ApolloandDaphne · 11/12/2024 07:27

@SapphireOpal yes I can see that. I shouldn't post when I have just woken and my brain hasn't warmed up!

Theunamedcat · 11/12/2024 07:27

It's CMO

Anyway,

What's your child schedule how many days a week does he have them?

Hayley1256 · 11/12/2024 07:28

If your ex has your son during the week then it's to him how he manages school pick up/ drop offs. I have 50/50 with my ex and jave a childminder for before/after school some days during my time as its up to me to make sure DD is cared for, he sorts his days out by either finishing early or his GF does the school run. We wouldn't dream of asking each other to change work hours

Extraspecial · 11/12/2024 07:30

Why don’t you see what new job you get and how the hours can work for you?

You can then ask what he can do to help but I wouldn’t think most people would drop a day’s work in that situation.

I know how hard it is as I was working full-time and exh did nothing. I was also made redundant and found it difficult to get back to work with childcare etc.

twentytwentyfour2024 · 11/12/2024 07:30

Yes I do understand the UC and child benefit but realistically what can that pay for these days. So annoying 😔. I suppose you guys are right and I can't really do anything about it. Heres to another failure for woman 🥂

OP posts:
twentytwentyfour2024 · 11/12/2024 07:31

Theunamedcat · 11/12/2024 07:27

It's CMO

Anyway,

What's your child schedule how many days a week does he have them?

He seems him 2 hours on a Wednesday and 5 hours on a Sunday. No over nights

OP posts:
Mummyoflittledragon · 11/12/2024 07:34

twentytwentyfour2024 · 11/12/2024 07:31

He seems him 2 hours on a Wednesday and 5 hours on a Sunday. No over nights

He’s not very engaged then, is he? I understand you would like this to happen. Realistically he seems unable to do the basics of parenting and you’re looking for a detail of co-parenting he’ll be unwilling to provide.

Whaleandsnail6 · 11/12/2024 07:37

Of course you can ask.

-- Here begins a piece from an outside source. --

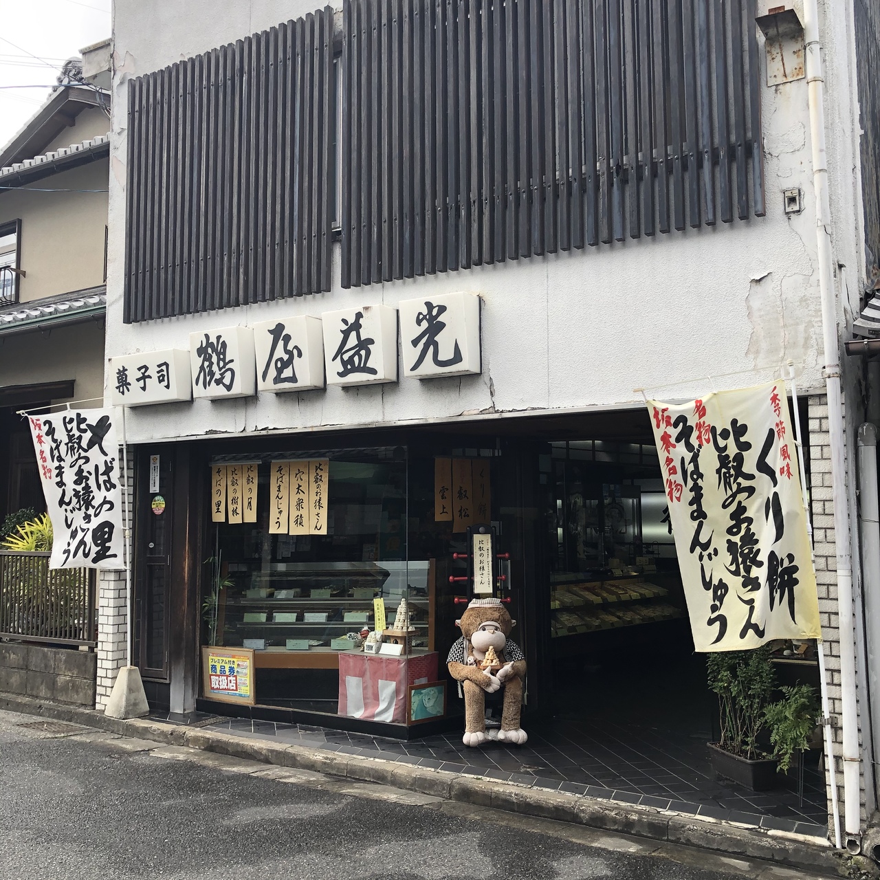 鶴㐂そばのすぐ近くに和菓子屋さんの鶴屋益光がありました。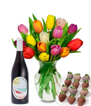 This vibrant tulip arrangement paired with a bottle of Hill & Harbor Pinot Noir and chocolate strawberries offers a fresh twist on classic gifting. Perfect for birthdays, congratulations, or just because moments. The colorful tulips bring energy while the wine adds depth. A fun yet refined gift option. Delivered in a gift box straight to the recipient's doors. Flowers are delivered arranged and wrapped securely. Blooms may take 2-3 days to open up, as shown in product photo.

You are right, it shouldn't all fall to you and parents need to have more conversations about sharing the childcare load, especially when separated.

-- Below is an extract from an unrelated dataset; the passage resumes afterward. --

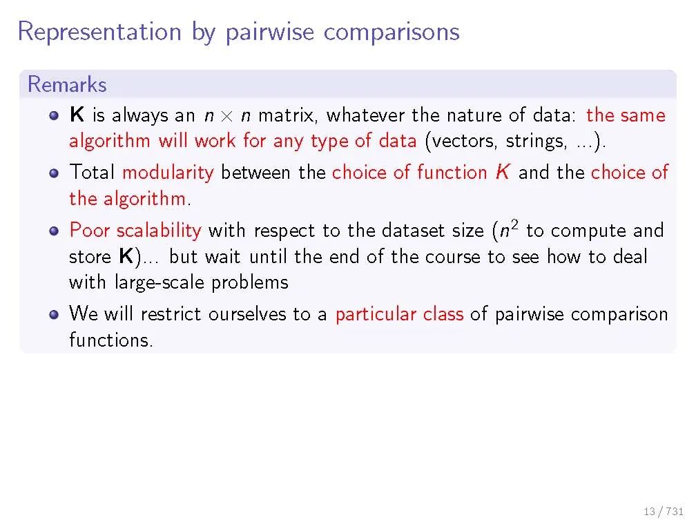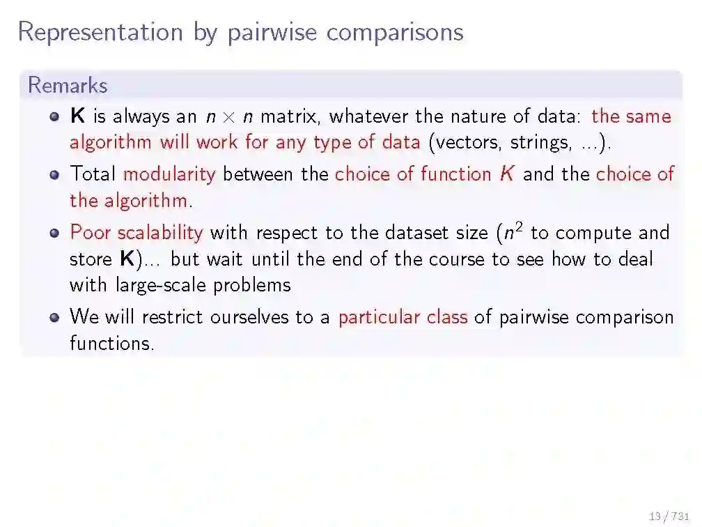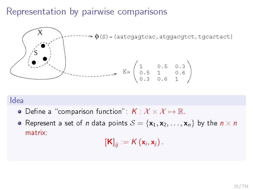内核方法是一类非常适合于此类问题的算法。实际上,它们将最初为向量设计的许多统计方法的适用性扩展到了几乎任何类型的数据,而不需要对数据进行明确的向量化。向非向量扩展的代价是需要在对象之间定义一个所谓的正定核函数,形式上相当于数据的隐式向量化。近年来,各种对象内核设计的“艺术”取得了重要的进展,产生了许多最先进的算法,并在许多领域获得了成功的应用。

He doesnt even have his kid overnight. He needs to take some of the pressure and parenting load and hes a pretty crappy parent if he can not see that.

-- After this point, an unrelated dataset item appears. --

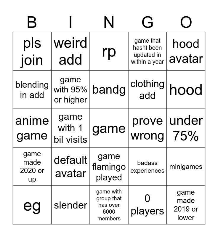 This bingo card has a free space and 24 words: default avatar, slender, bandg, eg, hood avatar, pls join, blending in add, weird add, prove wrong, game flamingo played, clothing add, anime game, badass experiences, minigames, game with 95% or higher, 0 players, under 75%, rp, hood, game with 1 bil visits, game made 2019 or lower, game made 2020 or up, game that hasnt been updated in within a year and game with group that has over 6000 members.

Obviously, he might say no but definitely open up a conversation about it

NobleWashedLinen · 11/12/2024 07:42

It's reasonable to ask him to take responsibility for a higher proportion of your child's care.

It's not reasonable for you to dictate how he achieves that - if his working salary is significantly higher than the cost of nursery/childminder then him paying for an additional day of outsourced childcare (and doing the related organisation of dropoffs and pickups not leaving that all to you) is a choice he is free to make.

Sirzy · 11/12/2024 07:46

The truth is you can’t control what anyone else does. Your best building it around your work and with the minimum support required coming from him - if you get more it’s a bonus!

mitogoshigg · 11/12/2024 07:49

You could ask if he can do pickups twice a week perhaps but he might say no

crumblingschools · 11/12/2024 07:50

Does he pay you the right amount, especially if he has no overnights?

CurbsideProphet · 11/12/2024 07:52

It would be so difficult for me to get my employer to allow me to reduce my working hours/ do 4 long days. Would it be as simple as him "just dropping a day"?